Below is the prepared floor statement of Rep. Jerrold Nadler on House Joint Resolution 114:
Mr. Speaker, I rise in opposition to this resolution. I take the threat of nuclear weapons in the hands of a hostile and aggressive Iraq very seriously. On Sept. 11, when my district was attacked, I thanked God the terrorists did not have nuclear weapons.
We all want to protect this nation. The question before us today is not whether to protect America, but how best to do so.
This resolution is not a “compromise.” It is, in all important respects, still very much the original draft - a blank check like the Gulf of Tonkin resolution.
Saddam Hussein poses a real danger. He has consistently shown reckless aggressiveness, hostility to the United States and to Israel, a willingness to invade other countries without provocation, a willingness to use chemical and biological weapons against civilian populations, a relentless drive to obtain weapons of mass destruction, including nuclear weapons, and the means to deliver them, and a reckless aggressiveness.
The conclusion is inescapable that the acquisition of nuclear weapons by Iraq would pose an intolerable threat to the United States and to world peace.
That threat must be met -- if at all possible through the United Nations, and in accordance with international law. War must be the last resort, not the first option.
We should not, grant the President a blank check. Make no mistake. This resolution grants the President the power to go to war, entirely at his discretion. While the resolution pays lip service to the need for international cooperation, it does not require the President to seek it. While the resolution mentions a desire to work through the United Nations, it does not require the President to exhaust our options at the UN before starting a war. The resolution requires the President to inform Congress that efforts in the UN and the international community have failed, but he need not do so until after he starts a war.

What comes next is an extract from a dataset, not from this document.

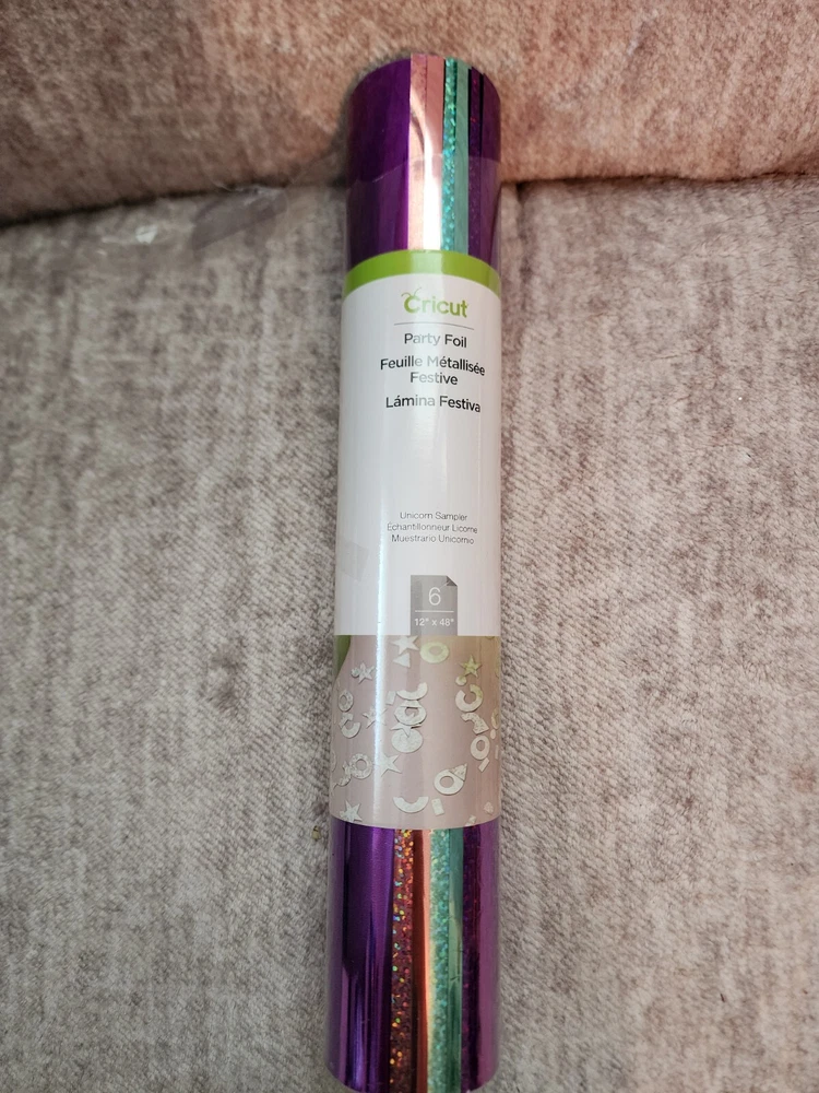 Add a touch of glamour to your cards and crafts with Cricut Party Foil. This pack includes two sheets of solid and holographic sparkle in a stunning white color. Great for making confetti and party decorations Purple, light pink and teal.
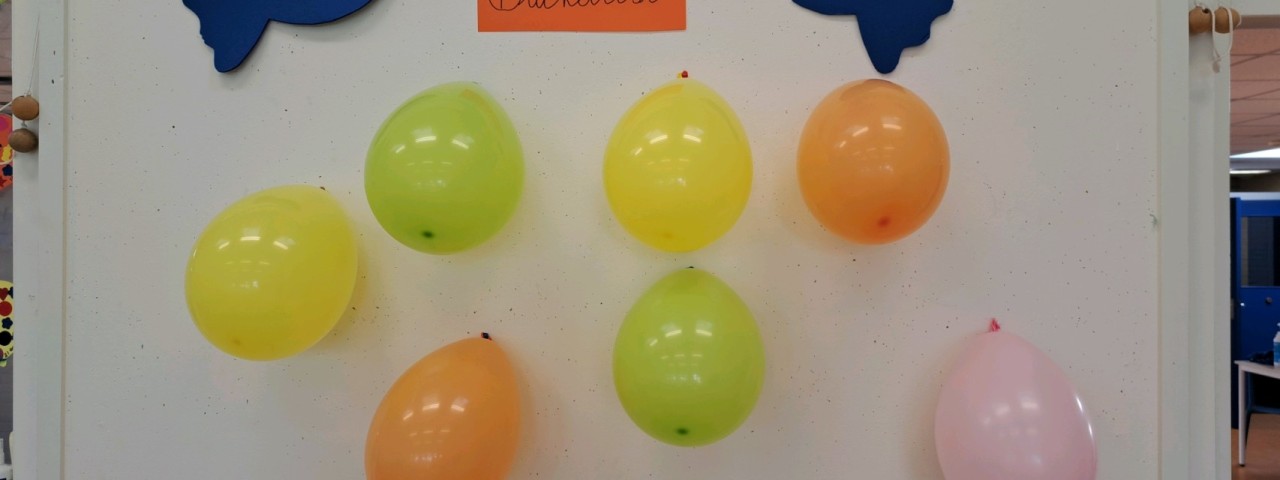 Iedere dag laten we een ballon knappen waar een opdracht in zit. (Buiten lezen, buiten werken, verstoppertje door de school etc)

We must grant the President the power to take prudent action to meet the threat from Iraq, but only action that does not, itself, threaten international peace and security.
The United States should seek a UN resolution providing for the immediate return to Iraq of beefed-up arms inspection teams, and demanding that they be afforded unfettered and unconditional access to all sites they deem necessary to accomplish their task of locating and destroying all chemical, biological, and nuclear weapons, and their production facilities.
The UN resolution should authorize the use of military force to the extent necessary to overcome any Iraqi attempts to interfere with the inspection teams.
And Congress should authorize the President to use military force only to enable the inspection teams to do their jobs.
We might, this way, be able to eliminate the threat of Iraq’s chemical, biological, and nuclear weapons without military conflict. But if military conflict occurred, we would be better off as part of a multi-lateral effort enforcing a Security Council inspection and disarmament order, with the onus on Saddam Hussein for starting the conflict, then we would as a lone ranger invading Iraq on our own, with most of the world looking on in disapproval.
Let me remind my colleagues: Before they were ejected from Iraq, UN inspectors destroyed more weapons and more weapons facilities than did the Coalition forces during the Gulf War. This proven, successful course of action should be fully utilized before we risk regional conflagration. I believe the Security Council would adopt a resolution embodying such a specific, limited approach, and that, working through the UN, and with other nations, the United States could participate in successfully implementing it.
Finally, Mr Speaker, the President insists that, in addition to disarming Saddam, we must overthrow his regime.
“Regime change” is not a legitimate purpose for the use of military force under international law. America should not be seen as an international bully - arrogating to ourselves the right to depose and impose regimes on other countries. If we have this right, why only us? What do we say when China demands “regime change” in Taiwan, or India in Pakistan?
Moreover, demanding “regime change” is extremely dangerous. It is one thing to tell Saddam Hussein he must disarm. It is quite another to demand the end of his regime. Faced with such a threat, which, in practical terms, means his death, there would be nothing to deter Saddam Hussein from deciding, like Samson in the Philistine Temple, that he might as well pull the world down with him. Why should he not go down in history as an Arab hero by attacking Israel with chemical or biological weapons of perhaps devastating lethality? Israel might then feel compelled to retaliate, and no one can calculate the course of escalation from there.
Just yesterday, the Director of the CIA, George Tenet, told the other body, "Baghdad, for now, appears to be drawing a line short of conducting terrorist attacks with conventional or chemical or biological weapons.” But, he continued, if Saddam concluded the survival of his regime was threatened, "he probably would become much less constrained in adopting terrorist action."
Mr. Speaker, we must constrain the Administration from pursuing this perilous course. The substitute resolution offered by Mr. Spratt grants the President authority to use military force as part of a multi-lateral effort to divest Saddam of his weapons of mass destruction. That is as far as we should go.
We must draw this line, Mr. Speaker, not because we are unconcerned with our country’s security - but precisely because we care so much for it.